_SOURCE MATERIAL_.
────────
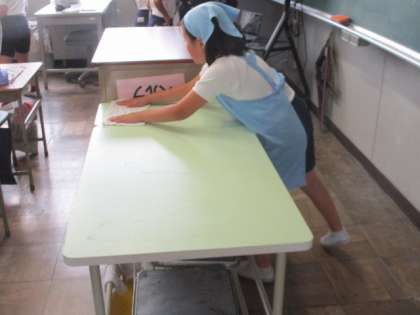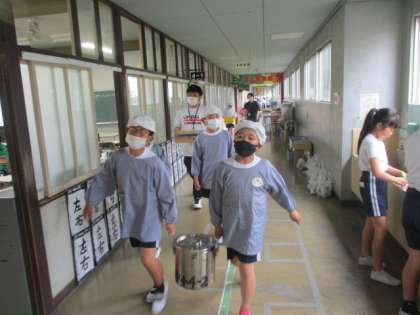 4年2組の様子。 当番さんが協力して準備です。
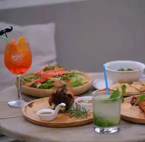 There's a bar with a wide variety of drinks and a variety of food options, whether you want to enjoy them as main courses or as appetizers. The day I went (Sunday), there was even a DJ.
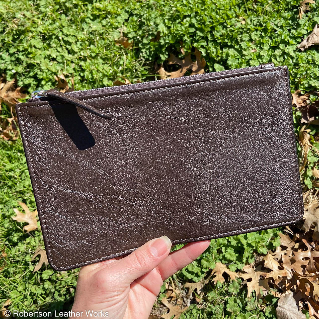 Zipper Pouch/ Cash Bag in Dark Brown Leather
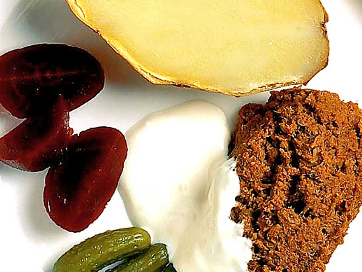 Tilltugg med getostkräm, honung och havtornsmarmelad
────────
_YOUR INSTRUCTIONS_.
Give back the full listing verbatim, skipping each picture.

_OUTPUT BELOW_.
 4年2組の様子。 当番さんが協力して準備です。
 There's a bar with a wide variety of drinks and a variety of food options, whether you want to enjoy them as main courses or as appetizers. The day I went (Sunday), there was even a DJ.
 Zipper Pouch/ Cash Bag in Dark Brown Leather
 Tilltugg med getostkräm, honung och havtornsmarmelad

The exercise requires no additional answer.